The Old Gatekeeper Journalism vs. The New Open Journalism

from the which-one-works-better? dept

Reader MrSlovenian points us to a really interesting story that highlights one way in which journalism is really changing, and how the old “gatekeeper” mentality fails. It kicks off with a story posted last Friday on Yahoo Sports via “The Sports Xchange,” a service for syndicating news, written by veteran NFL reporter Len Pasquarelli. The story claimed that Indianapolis Colts defense end Robert Mathis was planning to hold out from training camp in an attempt to get an extension on his contract. Among the claims made by Pasquerelli was the following:

The Sports Xchange can report with some degree of certainty that Mathis ($2.41 million in 2011) has no intention of reporting to the club until/unless his contract is addressed.

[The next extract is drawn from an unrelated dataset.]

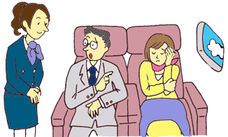 機内での会話を聞いて,【 】からそれぞれ正しいものを選ぼう。
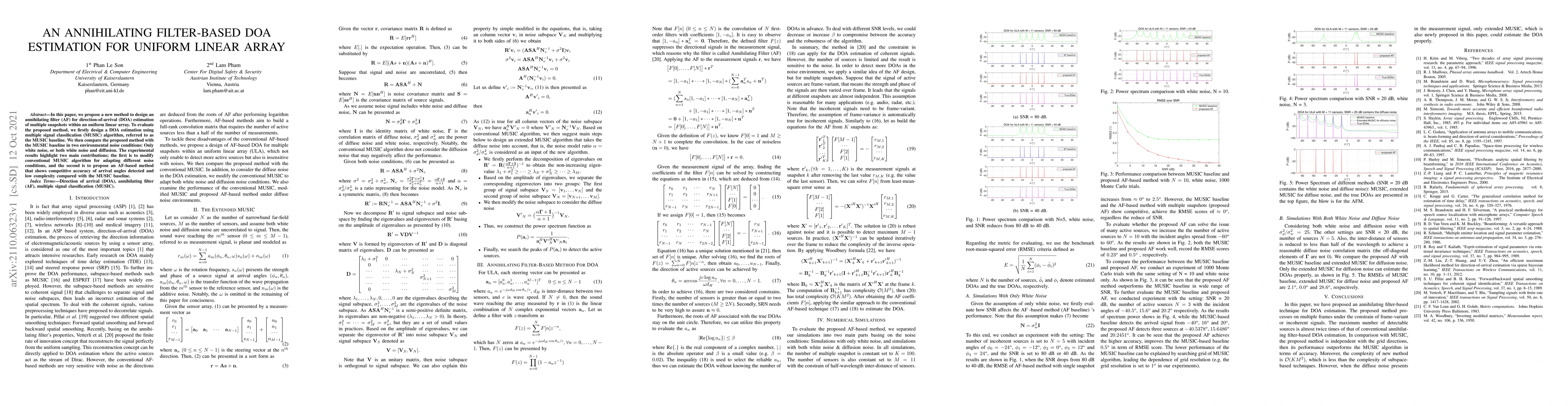 A new method is proposed for direction-of-arrival estimation using annihilating filters in uniform linear arrays, showing competitive accuracy with traditional MUSIC algorithm while reducing complexity.

Said one person close to the Mathis situation: “He’ll never play another snap there under that (existing) contract.”

Not surprisingly, an Indianapolis Colts fan blog, called 18to88, quickly posted the story and, at the same time, posted a direct Twitter message to Mathis, who uses Twitter. Pretty quickly, Mathis responded directly to the 18to88 writer, Nate Dunlevy, denying the story and noting that he wasn’t planning to hold out because the team had other priorities to cover, indicating that his demanding more money would hurt the overall team and some of the other players. Dunlevy posted a detailed update, praising Mathis for his “team spirit.”

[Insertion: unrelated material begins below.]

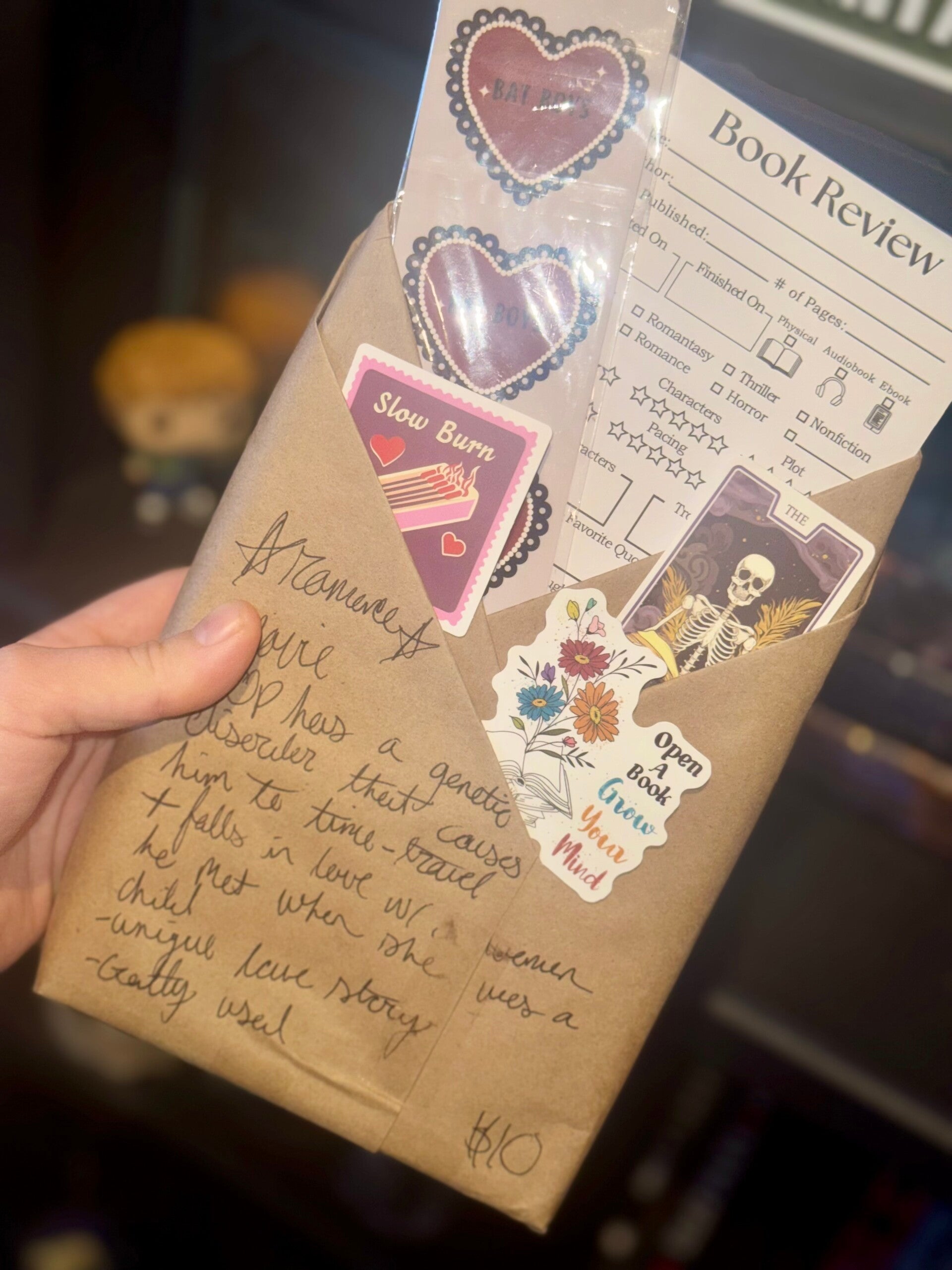 Take a chance on a mystery read! Each bundle includes a gently used book in your chosen genre (Thriller, Mystery, YA, Fantasy, Romance, or Smut), plus:

So, at this point, we have a “veteran reporter” with a story on Yahoo Sports that quickly gets debunked by the main subject of that story responding to a question from a fan blogger on Twitter. The whole concept of the gatekeeper mentality of old school journalism was that it was the journalists who had the sources and that you, the lowly reader, had none. In the interactive world of today, that equation has shifted in many cases and the established press hasn’t quite realized it yet.

Case in point: two days after Mathis debunked the story on his own Twitter feed and Dunlevy had written about this, Fox Sports reposted the entire original Pasquarelli article claiming that Mathis was going to hold out. The story also got picked up by an NBC football blogger, which drove even more attention to the story.

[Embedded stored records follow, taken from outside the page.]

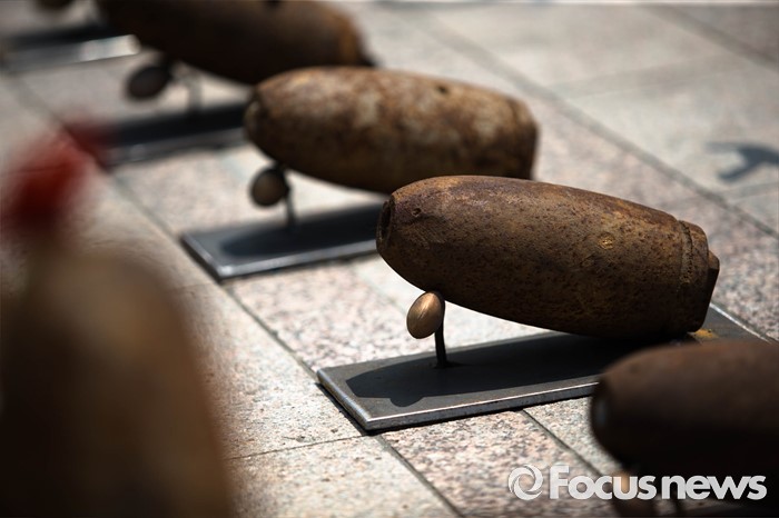(서울=포커스뉴스) 22일 오후 서울 중구 서울광장에서 '전쟁 없는 세상을 위한 에이이브이(Art's Eye View) 프로젝트 전시가 열리고 있다. 미공군의 사격장으로 쓰였던 경기도 매향리에서 반출된 포탄 및 탄피를 활용, 1000여점의 예술작품으로 만든 이번 전시는 오는 24일까지 열릴 예정이다.
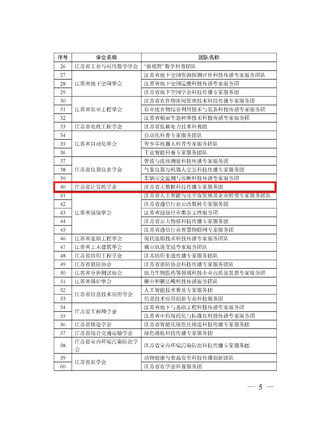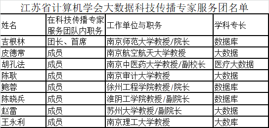 近日,江苏省科学技术协会下发了《关于公布江苏省第七批科技传播专家服务团、首席科技传播专家和省科普演讲专家的通知》,我学会的“江苏省大数据科技传播专家服务团”获聘“江苏省第七批科技传播专家服务团”。
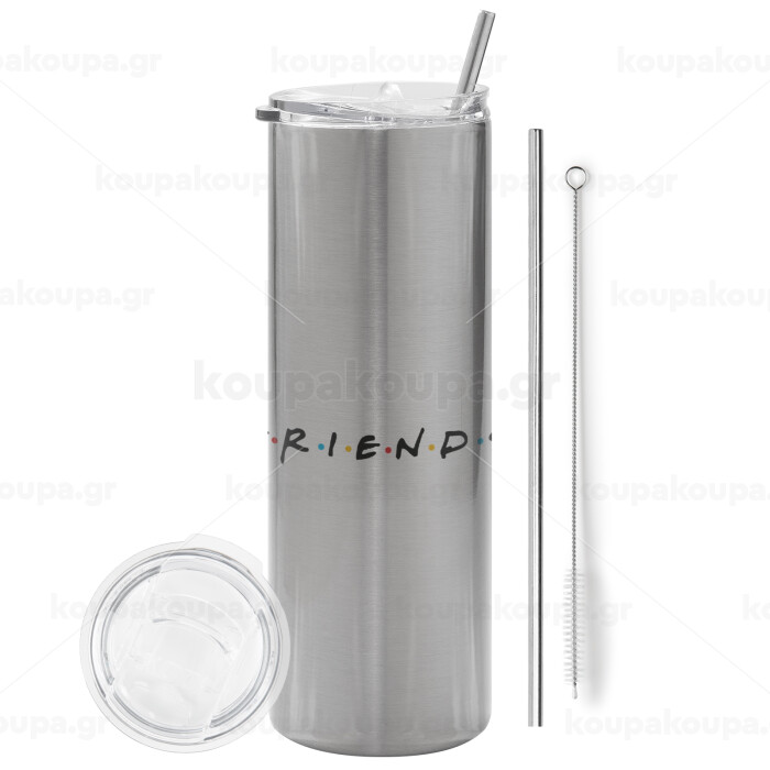 Friends, Tumbler stainless steel Silver 600ml, with metal straw & cleaning brush
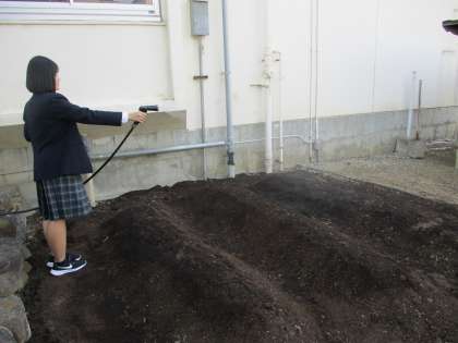 はるかのひまわり絆プロジェクトは 阪神大震災由来のひまわりの種「はるかのひまわり」を全国で生育し咲かせていただく過程で、災害や命の尊さを再考する機会とし、 自らの元気を取り戻す。」というものだそうです。(ヤフー記事より)それを受け、本校の生徒会で畑を作り、昨日ひまわりの種をまき、そこに水をやっている写真です。すばらしい。
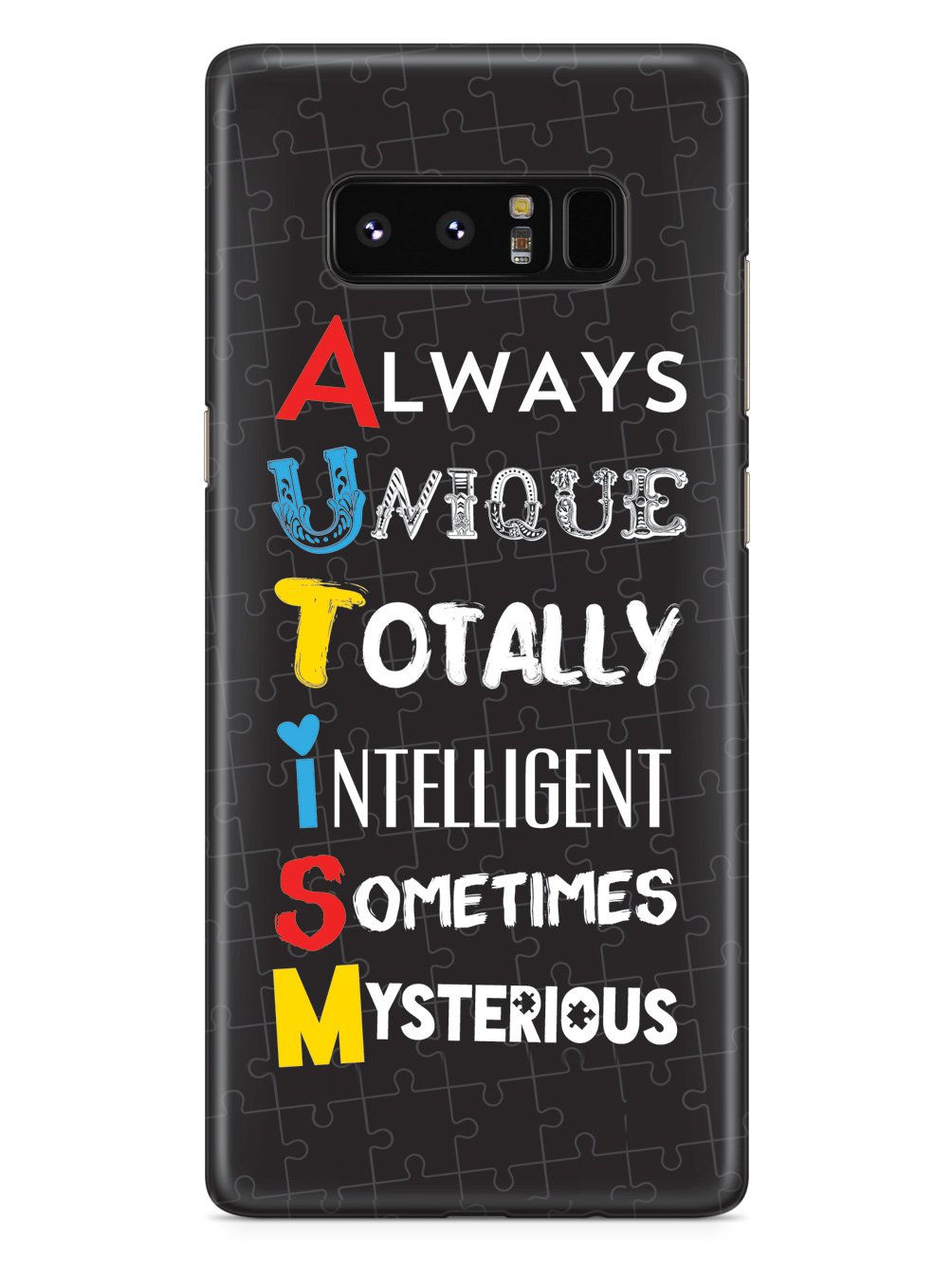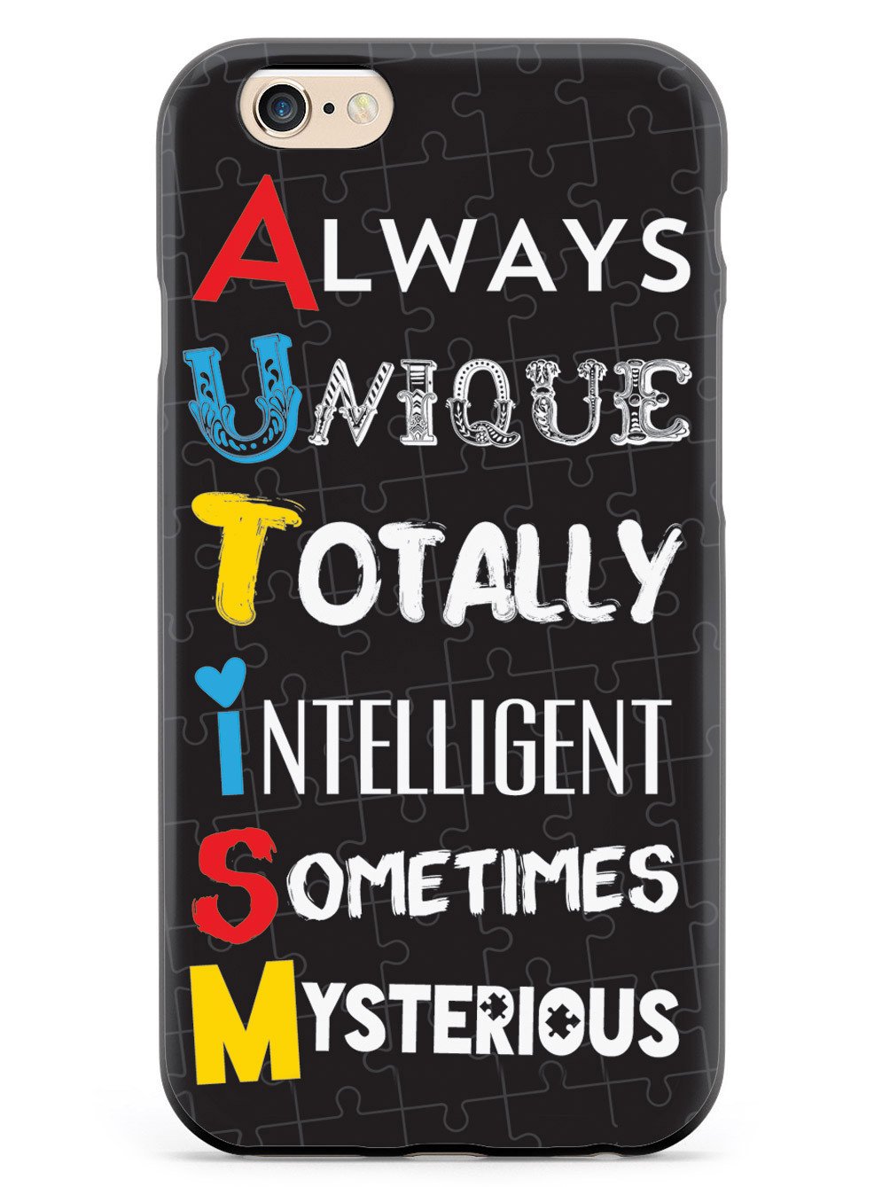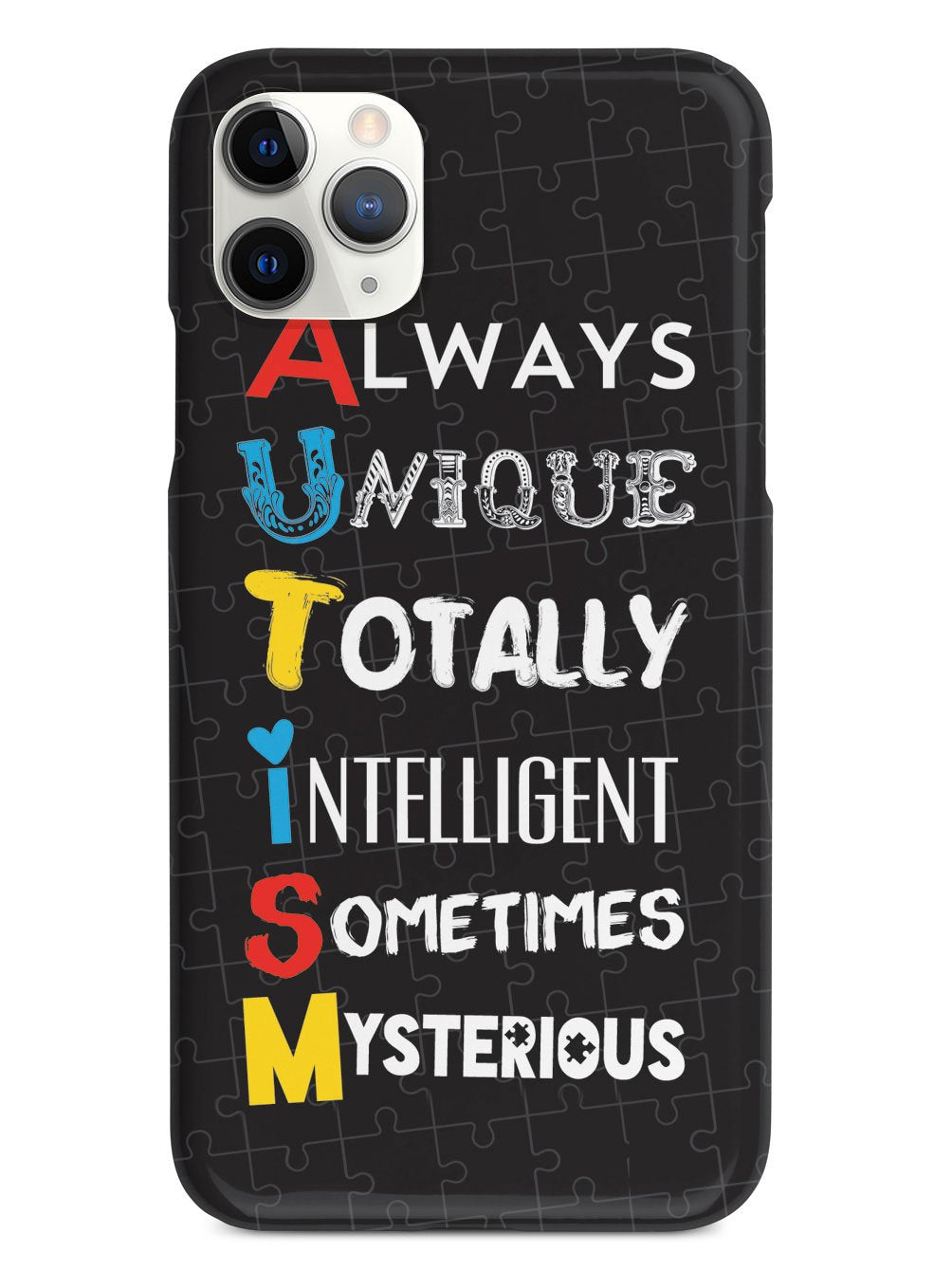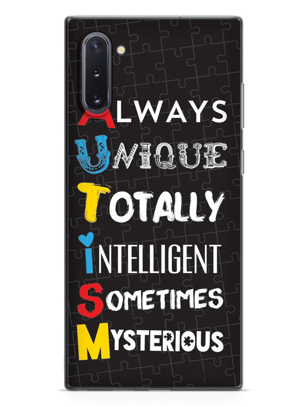 This unique A.U.T.I.S.M - Autism awareness case was creatively designed and printed with a high-quality finish in-house using UV Printing process, where the ink is cured by UV rays to produce sharp and vivid images with a high degree of color accuracy.

This new national attention, two days after Mathis has publicly denied the same story, got fans upset at Mathis and had him (once again) publicly (and reasonably angrily) denying the story. After this whole thing was pointed out, the NBC blogger, Gregg Rosenthal, updated his blog post, but the Fox News story and the Yahoo story remain unchanged.

Dunlevy has written up a full explanation of all of this as well, summarizing the whole thing nicely:

  1. The mainstream story by a venerable reporter lacked any direct confirmation from the athlete in question in the story. Pasquarelli was obviously misled by a source. It happens, and it’s not necessarily his fault, though one does have to wonder if it was so easy to get a comment from Mathis about the issue why he didn’t manage to get one.
  2. The mainstream media released a story that had been publicly refuted two days earlier.
  3. It was online journalists that first found the story (me), sought to confirm the story (me), and then widely disseminated the story with the appropriate corrections (me and Rosenthal).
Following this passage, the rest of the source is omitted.